* _WHAT YOU WILL DO_:
Write out, word for word and with no pictures, each line below from the one containing "Reni, Royani and" through the one containing "5.After it boils, add", both included, and no other line.

------------------------

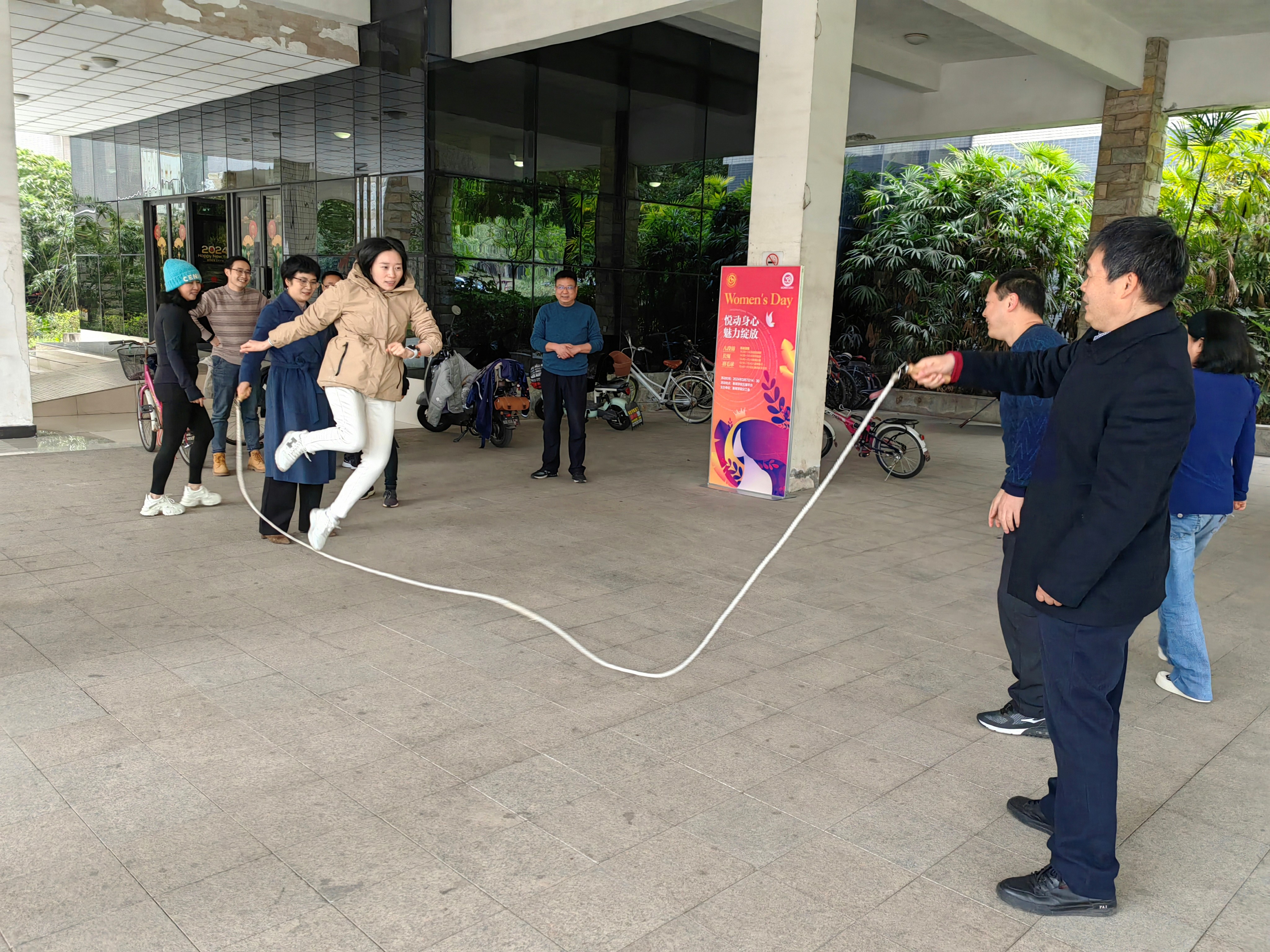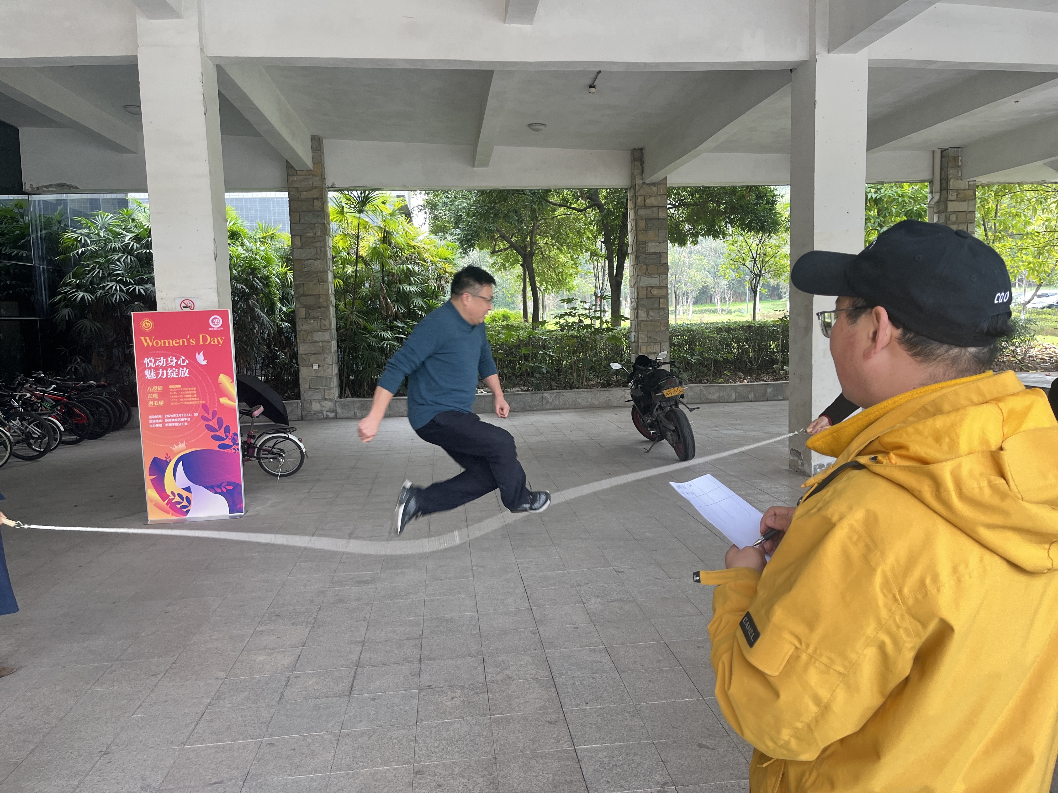 茶歇之后,教职工们被分成“精英队”和“明星队”进行跳绳比赛,获胜“精英队”队员和惜败的“明星队”队员都赢得了奖品。
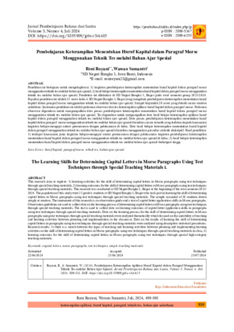 Reni, Royani and Wawan, Sumantri (2024) Pembelajaran keterampilan menentukan huruf kapital dalam paragraf morse menggunakan teknik tes melalui bahan ajar spesial. Jurnal Pembelajaran Bahasa dan Sastra (PEMBAHAS), 3 (4): 8. pp. 509-518. ISSN 2809-5367
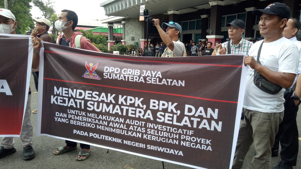 Ratusan Massa Gabungan Organisasi Masyarakat (Ormas) yang terdiri dari Raja Sriwijaya Yan Hariranto, S.H.,MH, M.Si.beserta Koalisi Aktivis Rakyat Bawah (KARB) DPP Forum Cakar Sriwijaya Gerry Harry Wijaya di dampingi Ketua DPC Cakar Sriwijaya Kota Palembang Edy Medan dan jajaran , Ketua DPD GRIB jaya Sumsel Hasbi Sanaki dan jajaran , Ketua Harimau Sumatera, Satria Amri Ramadhan didampingi Tungan Selaku Panglima Harimau Sumatera dan beserta jajaran dan serta Risky Pratama Saputra ,SE , Selaku Ketua Koalisi Aksi Masyarakat Peduli Kota Palembang , dan jajaran nya , menggelar aksi demonstrasi di depan Gedung Politeknik Negeri Sriwijaya (Polsri) Palembang pada Senin, 8 Desember 2025.
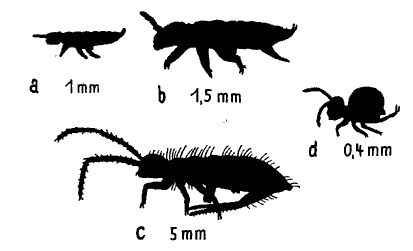 meist nur 1-2 mm lange zarthäutige Tiere, die zu den flügellosen
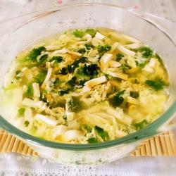 5.After it boils, add the coriander after two minutes, then mash the eggs and mix well and pour in! Boil, serve, drizzle with sesame oil and it’s ready!
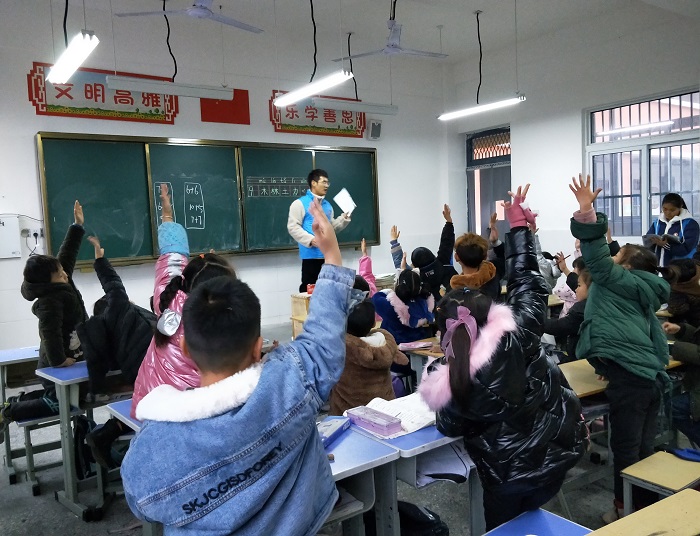 活动伊始,相关负责人通知志愿者们佩戴口罩在指定地点集合,统一服饰后乘坐公交车前往活动地点。在到达胡李小学后,为确保支教活动能够完整、有序开展,各志愿小组开始分配具体工作,随后在学校老师的带领下志愿者们进入相应的班级开展支教活动。活动期间,志愿者先依次向孩子们进行自我介绍并送上精心准备的小礼物。接着,他们拿出提前准备好的课件给孩子们上课,并鼓励孩子们积极回答问题。在看到对数学运算一筹莫展的小同学时,志愿者们耐心倾听,认真解答,使得教室里充满欢乐愉悦的氛围。在音乐课上,志愿者带领孩子们演唱爱国歌曲,孩子们稚嫩的歌声清脆动听,久久萦绕在每一位志愿者心中。最后,在悠扬的下课铃声中此次活动画上了圆满的句号。
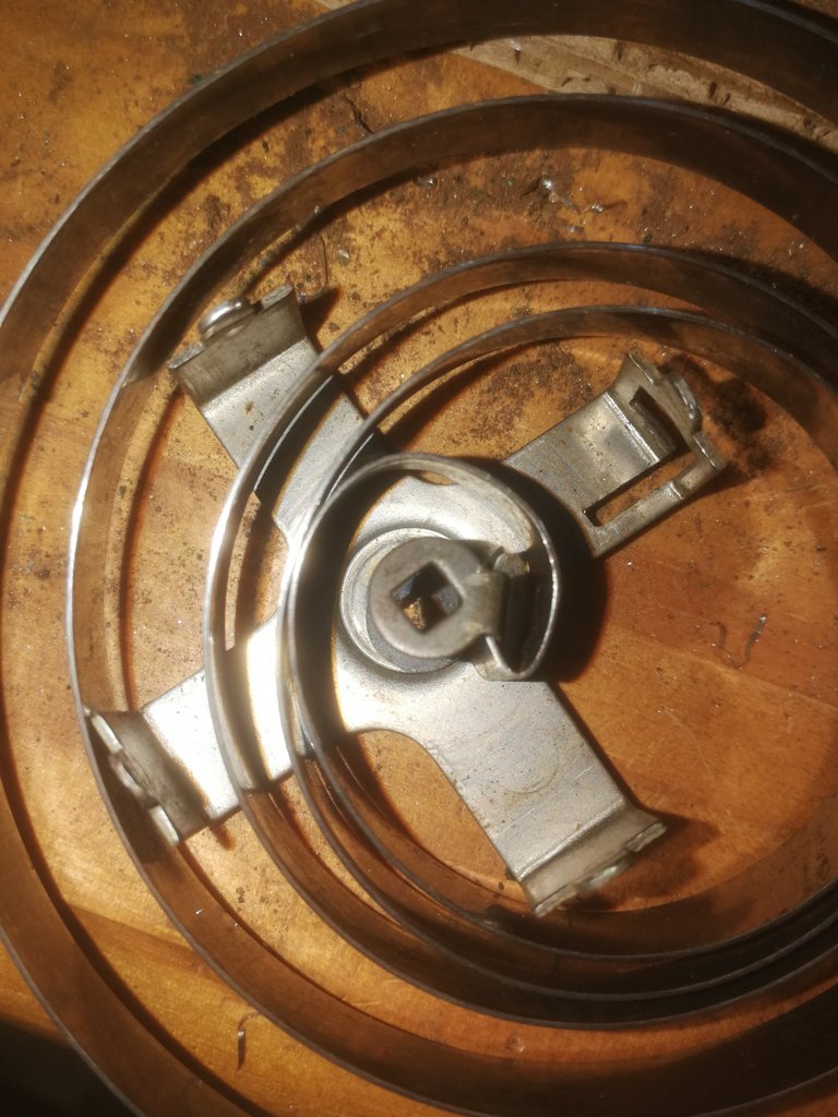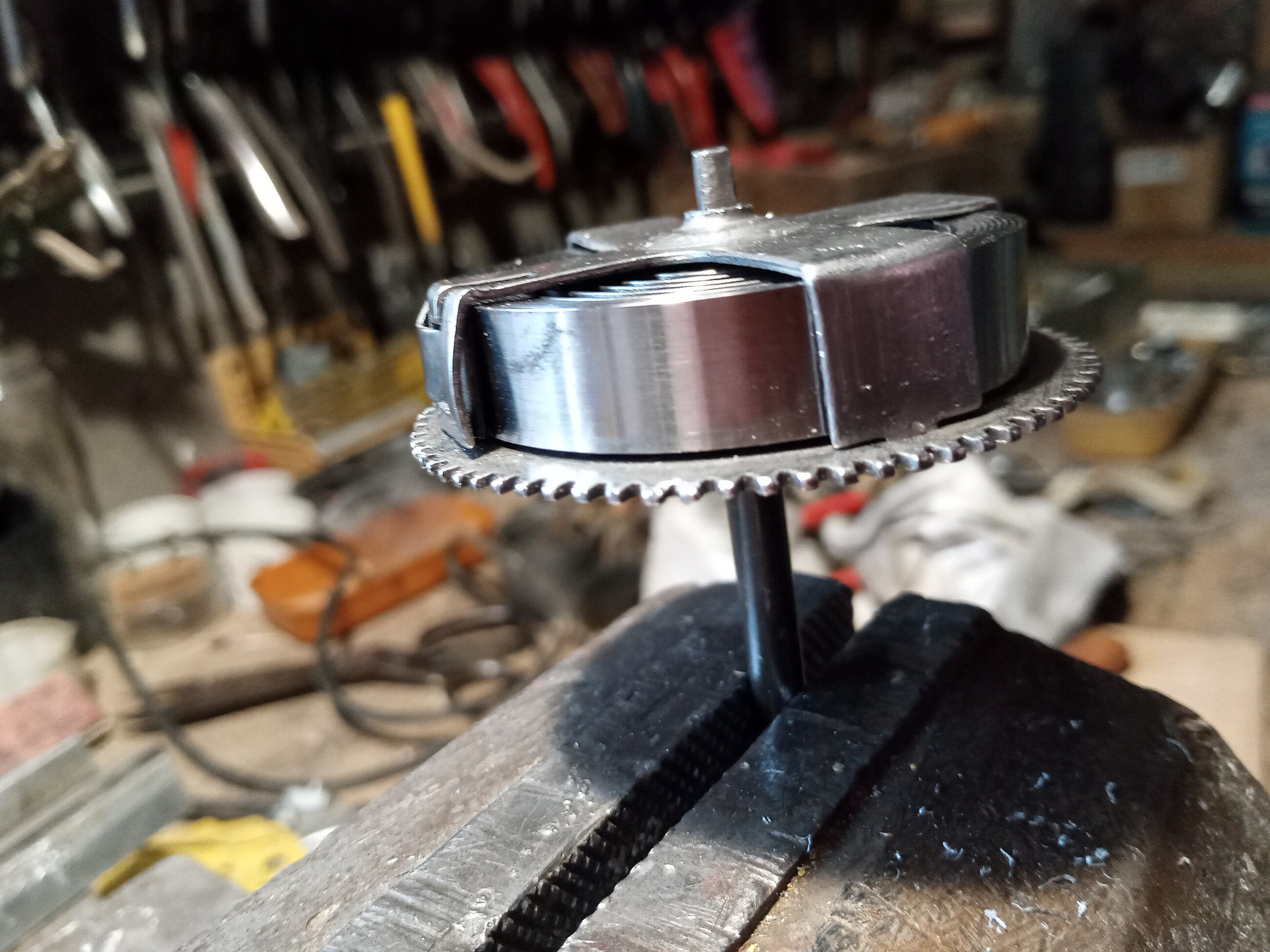Comme le ressort du moteur se décrochait ,surtout après son remontage par la manivelle,j’ai mis l’ensemble « couronne ressort » sur un axe que j’ai fabriqué ,le tout dans un étaux ,afin de voir le comportement de ce ressort.
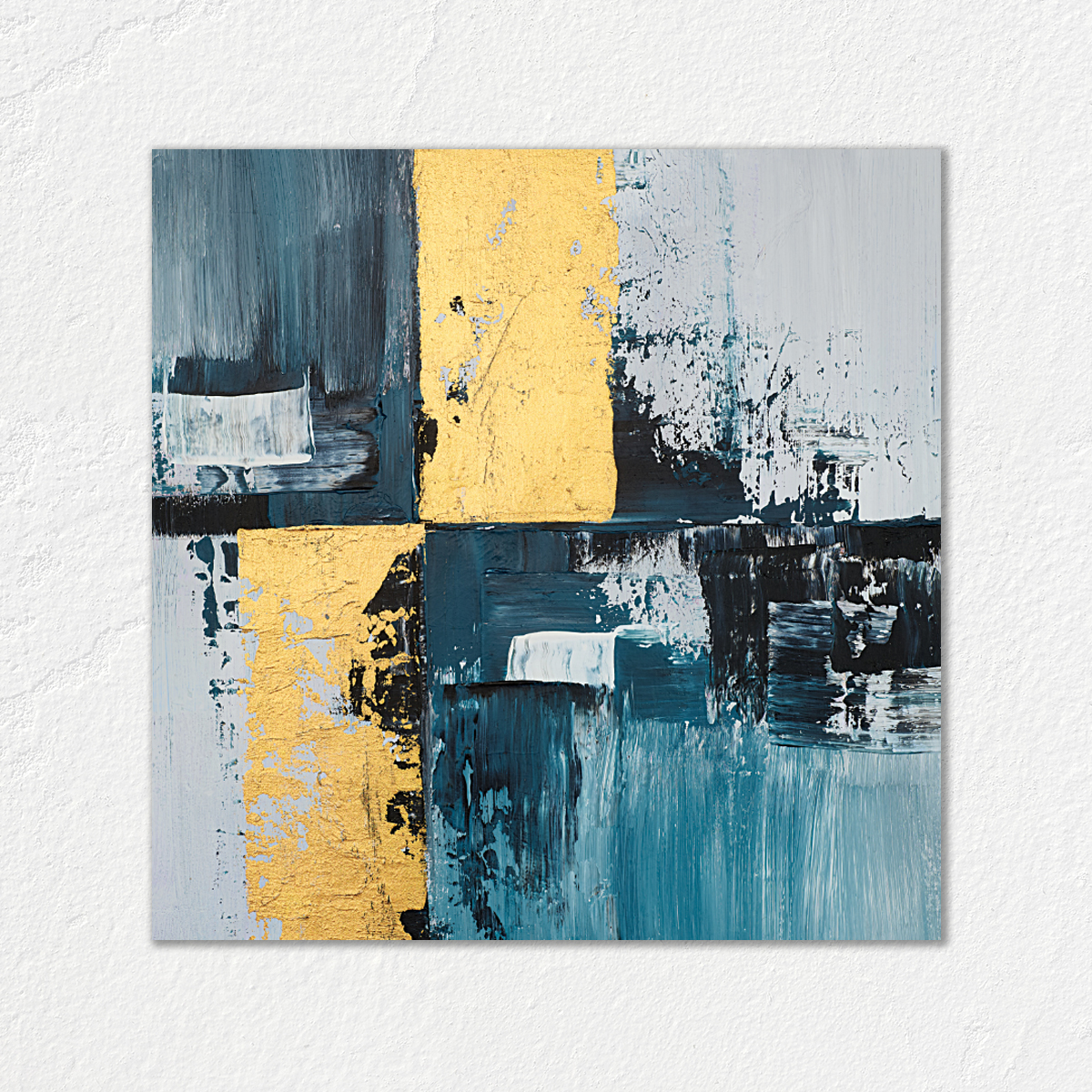 Slika na kanvas platnu Apstrakcija 76 je elegantna slika prepuna detalja i utiska zlatne boje na printu.
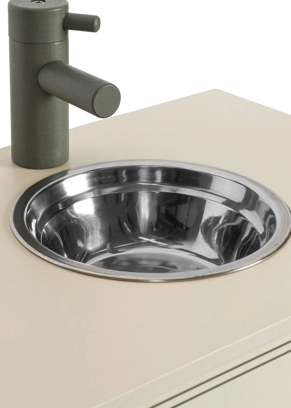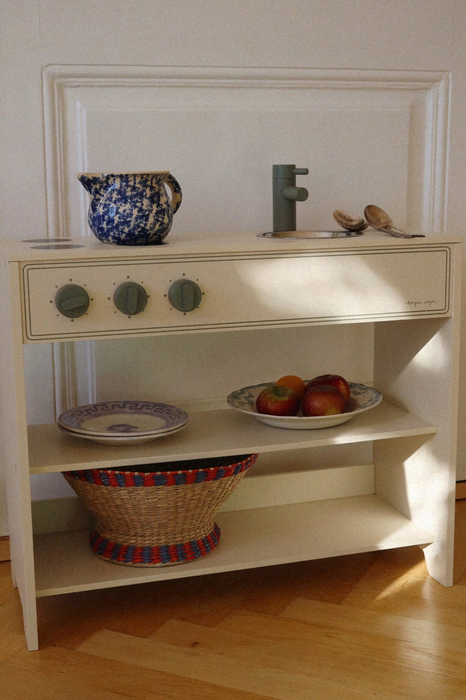 Bienvenue dans ma cuisine ! Voici tout le nécessaire pour préparer de petits plats : une cuisinière, un évier, un robinet et des étagères pour tous vos ustensiles.
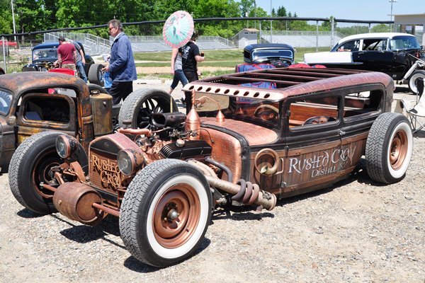 So many car events, so little time. MCG had multiple stops to make this day, but he carved out an hour or two for Sins of Steel, the awesome retro-rodding meet in little Davisburg, Michigan, northwest of Detroit. Attractions included live music, minibike races, and a pin-up contest, but MCG was laser-focused on the cars, naturally. From among a big turnout of cars this year, a few of his favorites included:
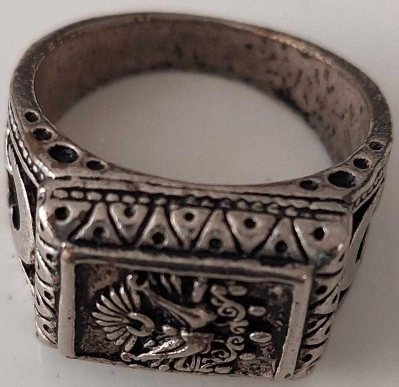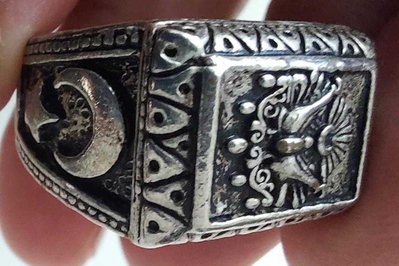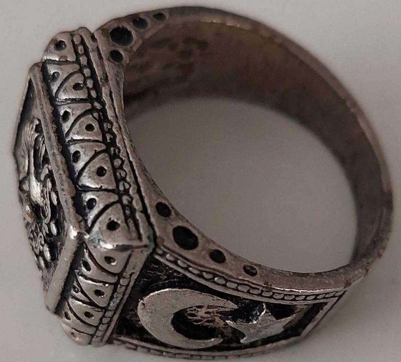 OSMANLI SON DÖNEMİ AYYILDIZLI VE TUĞRALI GÜMÜŞ-BRONZ-KALAY ALAŞIMLI MUHTEŞEM SANATSAL YÜZÜK AA1RRR1A ÇOK NADİR başlıklı antika/koleksiyon objesinin menşei belirtilmemiştir. 1920-1940 arası dönemine aittir.
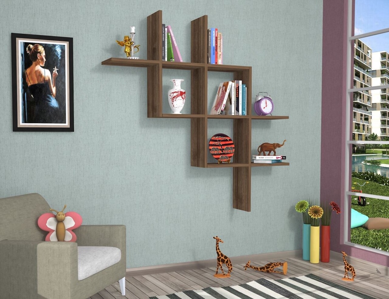 Raft pentru perete Raffline, 125x22x125 cm, nuc
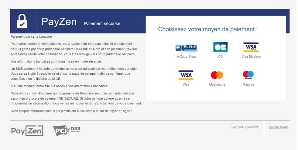 Après validation de votre commande, vous recevez nos coordonnées bancaires. Indiquez votre numéro de commande lors du virement.
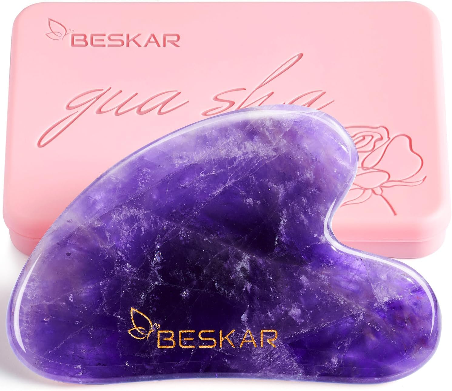 - Excellent Materials: This gua sha massager is handcrafted from 100% naturally Amethyst from South Africa. Amethyst belongs to monocrystalline quartz, which has uneven color distribution and irregular sheet-like shape, usually with a natural ice cracks. It contains trace amounts of Fe element, which can efficiently release negative ions and promote blood circulation, perfect for gua sha massage
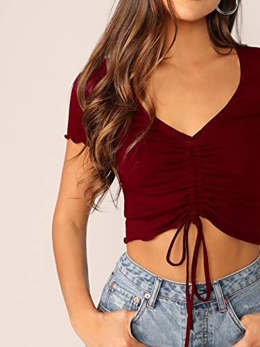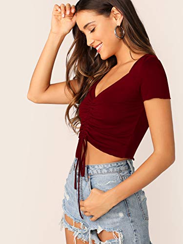 Aahwan Store Women V Neck Drawstring Ruched Crop Top

------------------------

* _WRITTEN ANSWER_:
 Reni, Royani and Wawan, Sumantri (2024) Pembelajaran keterampilan menentukan huruf kapital dalam paragraf morse menggunakan teknik tes melalui bahan ajar spesial. Jurnal Pembelajaran Bahasa dan Sastra (PEMBAHAS), 3 (4): 8. pp. 509-518. ISSN 2809-5367
 Ratusan Massa Gabungan Organisasi Masyarakat (Ormas) yang terdiri dari Raja Sriwijaya Yan Hariranto, S.H.,MH, M.Si.beserta Koalisi Aktivis Rakyat Bawah (KARB) DPP Forum Cakar Sriwijaya Gerry Harry Wijaya di dampingi Ketua DPC Cakar Sriwijaya Kota Palembang Edy Medan dan jajaran , Ketua DPD GRIB jaya Sumsel Hasbi Sanaki dan jajaran , Ketua Harimau Sumatera, Satria Amri Ramadhan didampingi Tungan Selaku Panglima Harimau Sumatera dan beserta jajaran dan serta Risky Pratama Saputra ,SE , Selaku Ketua Koalisi Aksi Masyarakat Peduli Kota Palembang , dan jajaran nya , menggelar aksi demonstrasi di depan Gedung Politeknik Negeri Sriwijaya (Polsri) Palembang pada Senin, 8 Desember 2025.
 meist nur 1-2 mm lange zarthäutige Tiere, die zu den flügellosen
 5.After it boils, add the coriander after two minutes, then mash the eggs and mix well and pour in! Boil, serve, drizzle with sesame oil and it’s ready!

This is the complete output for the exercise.